Which controller the most easily accessible USB debug port is. On Intel,
1 is for `00:1d.0` and 2 is for `00:1a.0` (yes, it's reversed). Refer to
<https://www.coreboot.org/EHCI_Debug_Port> for more info.

If you are able to use EHCI debug without setting the HCD index manually,
this is correct.

### `BOARD_ROMSIZE_KB_2048`

This parameter refers to the total size of the flash chips coreboot will be in.
This value must be correct for S3 resume to work properly. This parameter also
defines the size of the generated coreboot image, but that is not a major issue
since tools like `dd` can be used to cut fragments of a coreboot image to flash
on smaller chips.

This should be detected automatically, but it may not be detected properly in
some cases. If it was not detected, put the correct total size here to serve
as a sane default when configuring coreboot.

### `DRAM_RESET_GATE_GPIO`

When the computer is suspended to RAM (ACPI S3), the RAM reset signal must not
reach the RAM modules. Otherwise, the computer will not resume and any opened
programs will be lost. This is done by powering down a MOSFET, which disconnects
the reset signal from the RAM modules. Most manufacturers put this gate on GPIO
60 but Lenovo is known to put it on GPIO 10. If suspending and resuming works,
this value is correct. This can also be determined from the board's schematics.

## GNVS

`mainboard_fill_gnvs` sets values in GNVS, which then ACPI makes use of for
various power-related functions.

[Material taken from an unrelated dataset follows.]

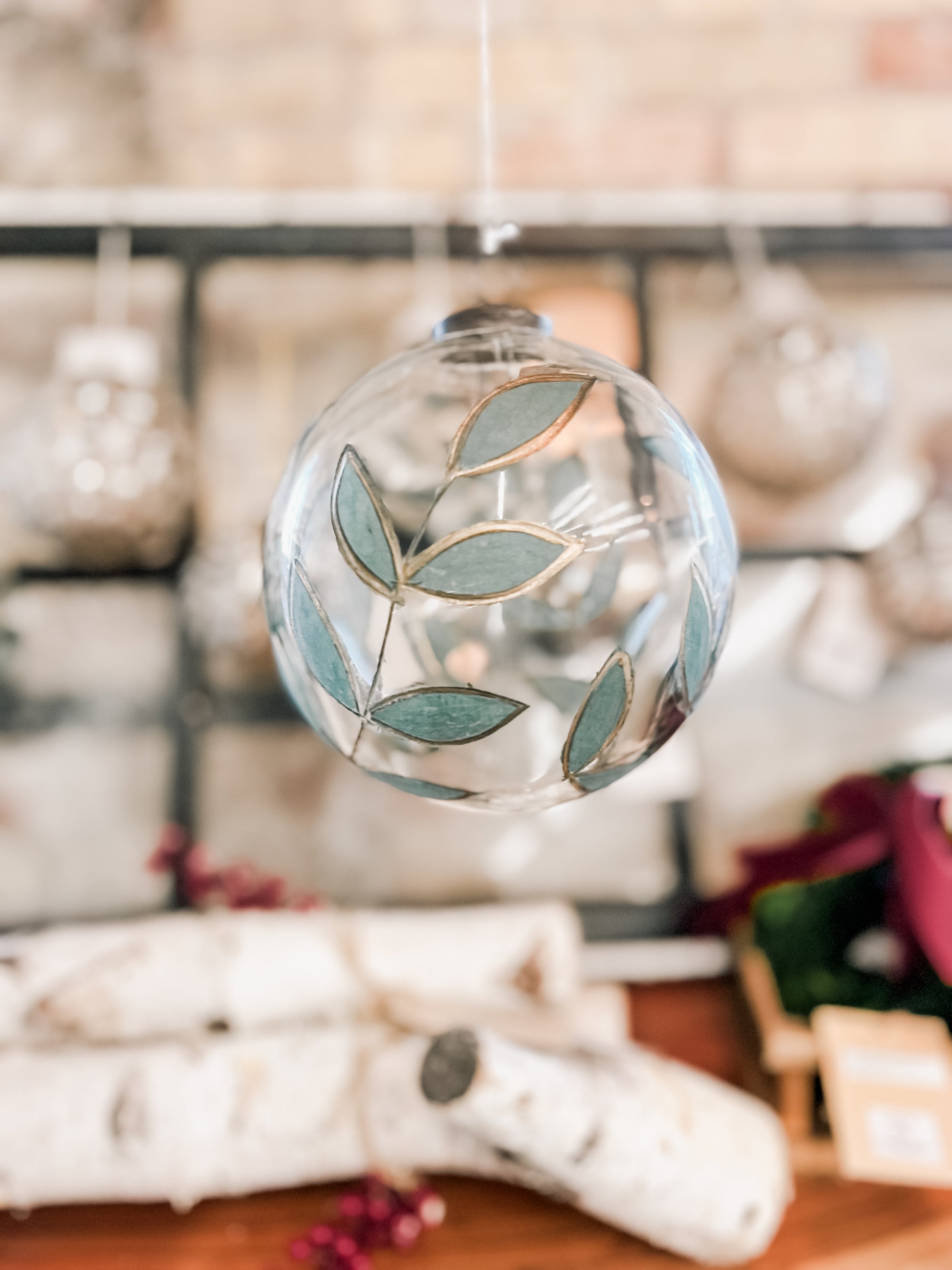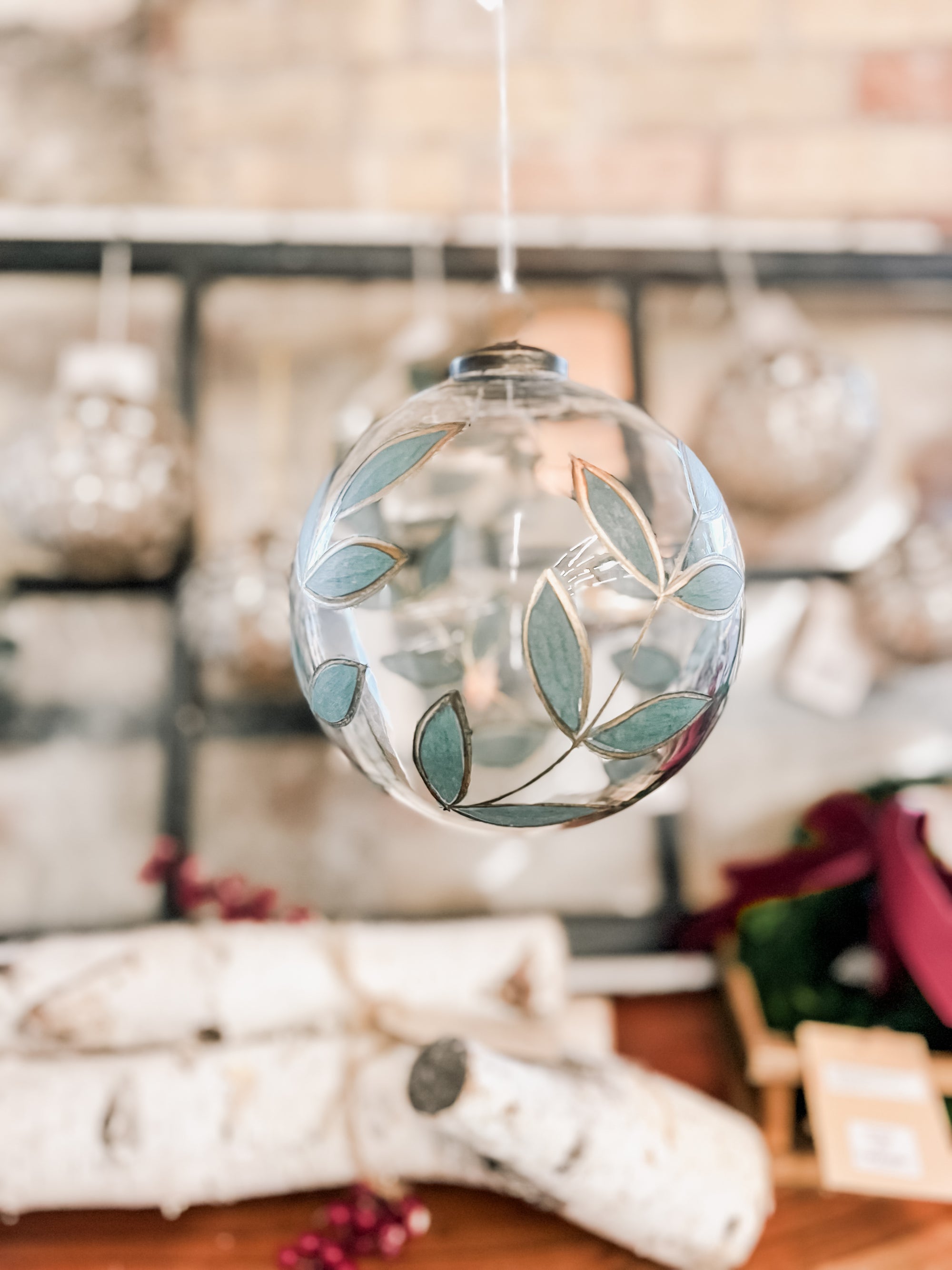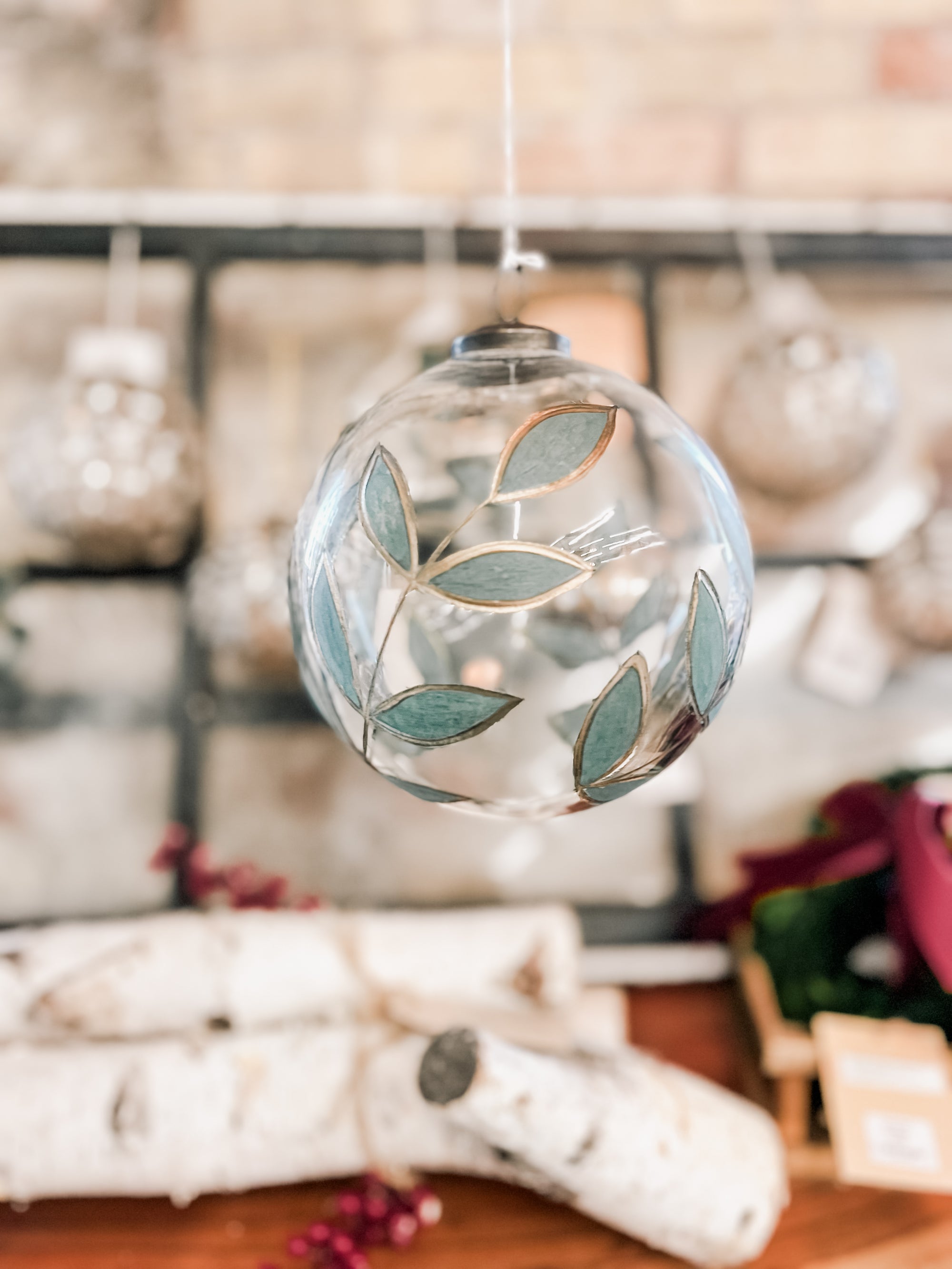 This large clear glass ball is hand-painted in a laurel pattern with a delicate gold edge. She's large, sturdy, and would look perfect hanging from the ceiling in your entry way along with our other ornaments, collected in a bowl for your table top decor, or hanging on your master tree that reaches for the sky.

Normally, there is no need to modify it
on laptops (desktops have no "lid"!) but it makes sense to proofread it.

## `gfx.ndid` and `gfx.did`

Those describe which video outputs are declared in ACPI tables.
Normally, there is no need to have these values, but if you miss some
non-standard video output, you can declare it there. Bit 31 is set to
indicate the presence of the output. Byte 1 is the type and byte 0 is
used for disambigution so that ID composed of byte 1 and 0 is unique.

Types are:
* 1 = VGA
* 2 = TV
* 3 = DVI
* 4 = LCD

## `c*_acpower` and `c*_battery`

Which mwait states to match to which ACPI levels. Normally, there is no
need to modify anything unless your device has very special power saving
requirements.

## `install_intel_vga_int15_handler`

This is used with the Intel VGA BIOS, which is not the default option.
It is more error-prone than open-source graphics initialization, so do
not bother with this until your mainboard boots. This is a function
which takes four parameters:
1.  Which type of LCD panel is connected.
2.  Panel fit.
3.  Boot display.
4.  Display type.

Refer to `src/drivers/intel/gma/int15.h` to see which values can be used.
For desktops, there is no LCD panel directly connected to the Intel GPU,
so the first parameter should be `GMA_INT15_ACTIVE_LFP_NONE`. On other
mainboards, it depends.

## CMOS options

Due to the poor state of CMOS support in coreboot, autoport does not
support it and this probably won't change until the format in the tree
improves. If you really care about CMOS options:

* Create files `cmos.layout` and `cmos.default`
* Enable `HAVE_OPTION_TABLE` and `HAVE_CMOS_DEFAULT` in `Kconfig`

## EC (lenovo)

You need to set `has_keyboard_backlight` (backlit keyboard like X230),
`has_power_management_beeps` (optional beeps when e.g. plugging the cord
in) and `has_uwb` (third MiniPCIe slot) in accordance to functions available
on your machine

In rare cases autoport is unable to detect GPE. You can detect it from
dmesg or ACPI tables. Look for line in dmesg like

	ACPI: EC: GPE = 0x11, I/O: command/status = 0x66, data = 0x62

This means that GPE is `0x11` in ACPI notation. This is the correct
value for `THINKPAD_EC_GPE`. To get the correct value for `GPE_EC_SCI`
you need to substract `0x10`, so value for it is `1`.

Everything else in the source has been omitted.